Maybe make it an option because legitimate sites like journalism also use this model.

  • Subscription model like Kagi seems to work pretty well against gaming the results.

    Their only remaining incentive is to be good enough that people keep paying for the service.

    • It works not because they're somehow smarter or have more resources than Google at detecting spam/SEO, it's because unlike Google (and other ad-supported search engines), they make money from result quality and have an interest in blocking spam.

      Google on the other hand makes money off ads (whether on the search results page itself or on the spam sites), so spam sites are at best considered neutral and at worst considered beneficial (since they can embed Google ads/analytics, and make the ads on the search results page look relatively good compared to the spam).

      Black-hat SEO has been around since the early days of search engines and they managed to keep it at bay just fine. What changed isn't that there was some sudden breakthrough in malicious SEO, it's that it was more profitable to keep the spammers around than to fight them, and with the entire tech industry settling on advertising/"engagement" as its business model, the risk of competition was nil because competitors with the same business model would end up making the same decision.

      The same reason is behind the neutering of advanced search features. These have nothing to do with the supposed war on spam/SEO, so why were they removed? Oh yeah because you'd spend less time on the search results page and are less likely to click on an ad/sponsored result, so it's against Google's interests and was removed too.

      4 replies →

> it just takes too long to get info from videos.
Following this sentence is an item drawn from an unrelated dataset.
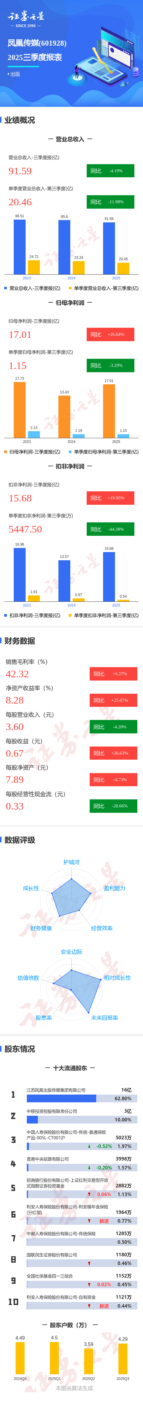图解凤凰传媒三季报:第三季度单季净利润同比下降3.30%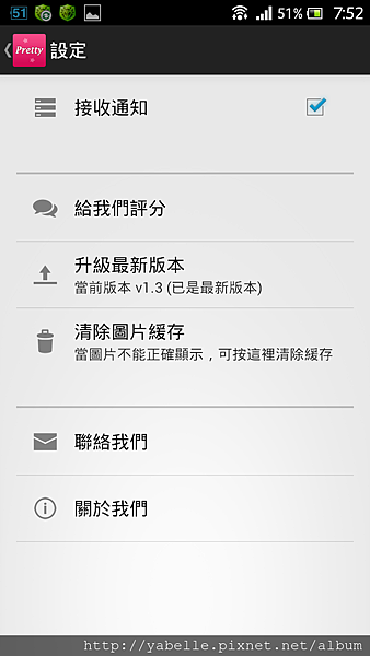 可以選擇要不要接受通知 或是查看版本及聯絡客服

I can’t wait until video transcripts get fed into LLMs just to eliminate the whole “This video is sponsored by something-completely-unrelated, more about them later. What’s up Youtube, remember to like, share, subscribe… 5 entire minutes pass on similar drivelthe actual thing you want, but stretched out to an agonizing length

  • You need SponsorBlock.

    Usually people leave a "highlight" marker which tells you where you're supposed to jump to. Along with the regular "This video was brought to you by <insert>VPN".